**WHAT THIS TASK INVOLVES**
Retype the listing exactly; omit pictures.

**MATERIAL PROVIDED**
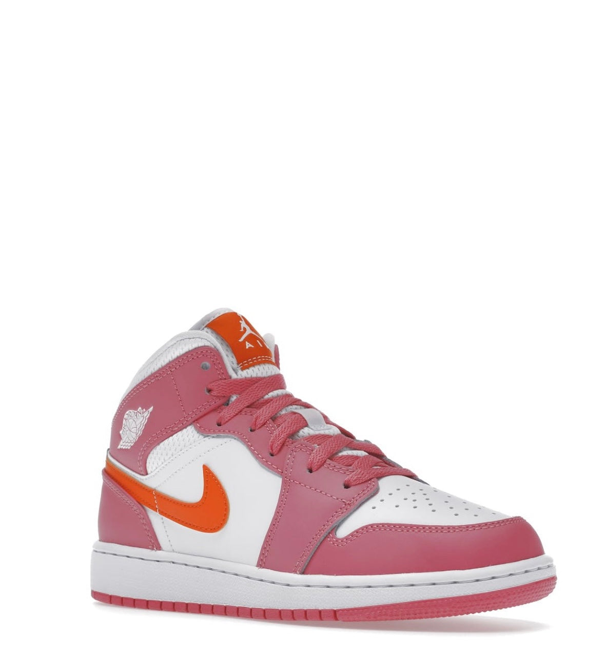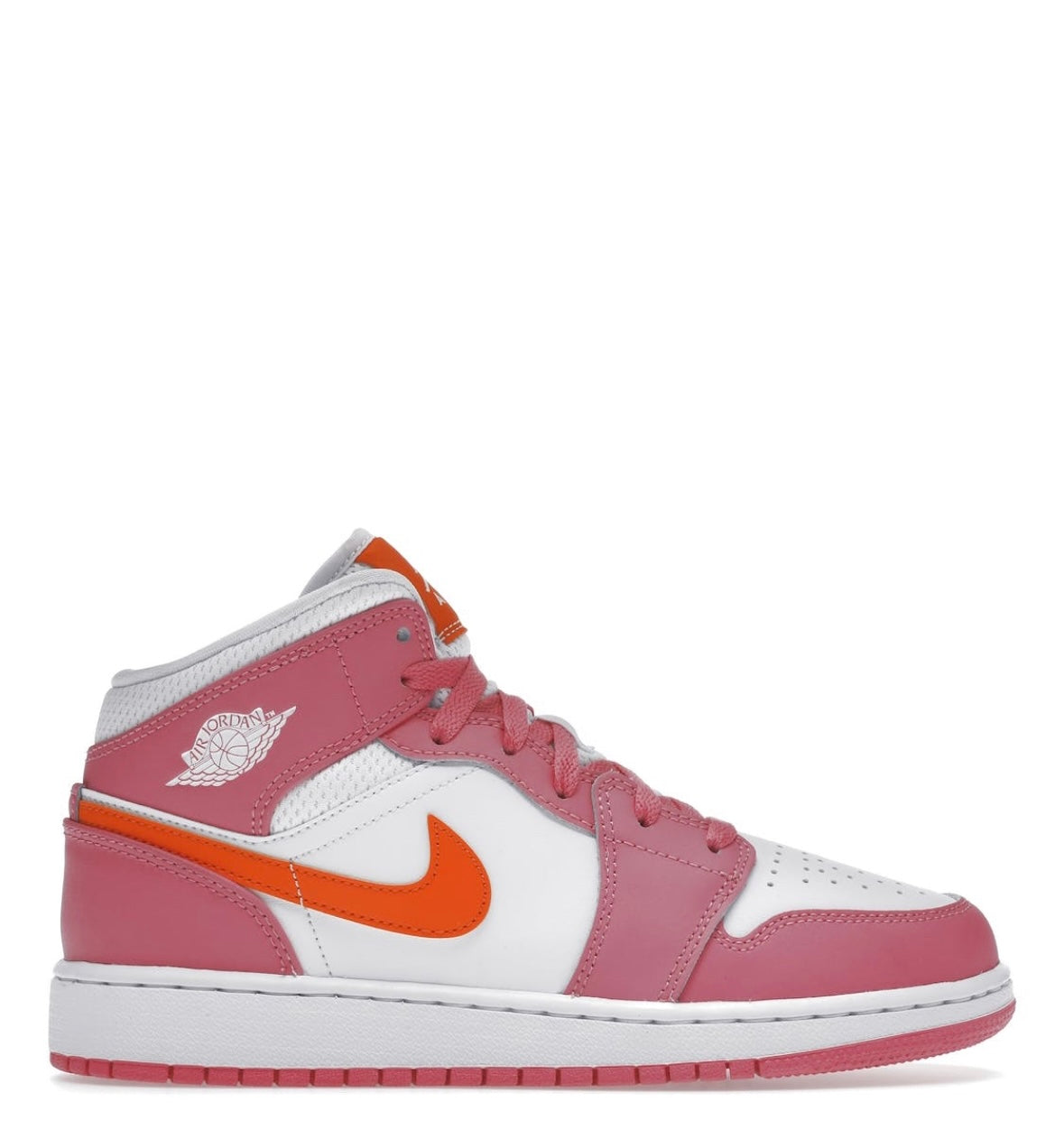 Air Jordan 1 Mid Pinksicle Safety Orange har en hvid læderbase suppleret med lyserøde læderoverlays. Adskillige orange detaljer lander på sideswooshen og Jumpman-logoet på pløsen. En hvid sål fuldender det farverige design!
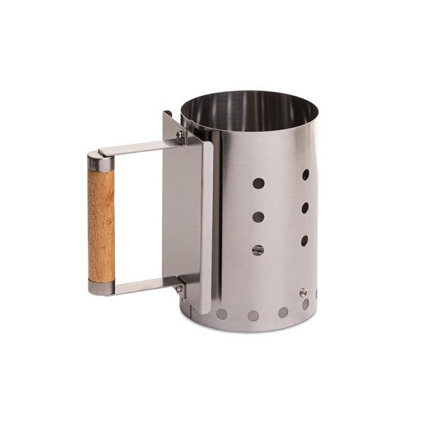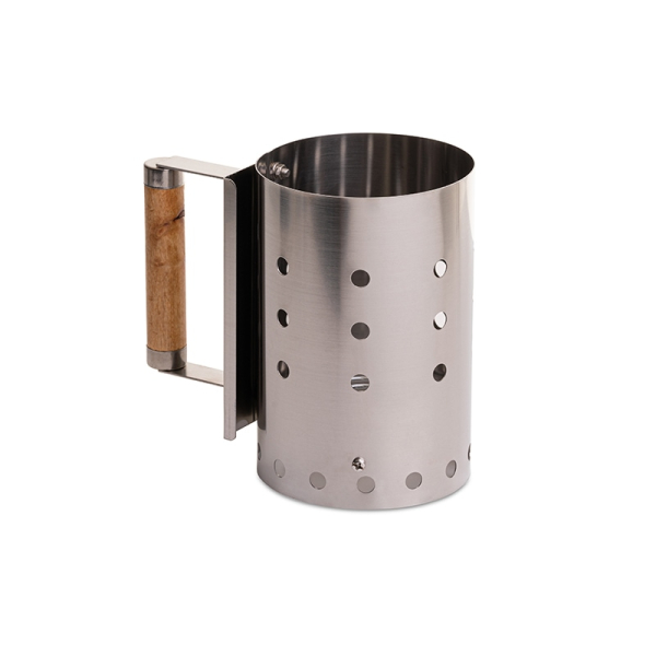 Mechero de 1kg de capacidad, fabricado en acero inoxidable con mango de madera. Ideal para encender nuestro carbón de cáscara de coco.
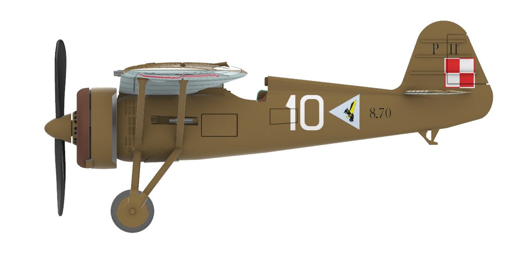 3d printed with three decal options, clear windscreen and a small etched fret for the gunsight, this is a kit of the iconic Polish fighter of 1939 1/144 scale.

**WRITTEN ANSWER**
 Air Jordan 1 Mid Pinksicle Safety Orange har en hvid læderbase suppleret med lyserøde læderoverlays. Adskillige orange detaljer lander på sideswooshen og Jumpman-logoet på pløsen. En hvid sål fuldender det farverige design!
 Mechero de 1kg de capacidad, fabricado en acero inoxidable con mango de madera. Ideal para encender nuestro carbón de cáscara de coco.
 3d printed with three decal options, clear windscreen and a small etched fret for the gunsight, this is a kit of the iconic Polish fighter of 1939 1/144 scale.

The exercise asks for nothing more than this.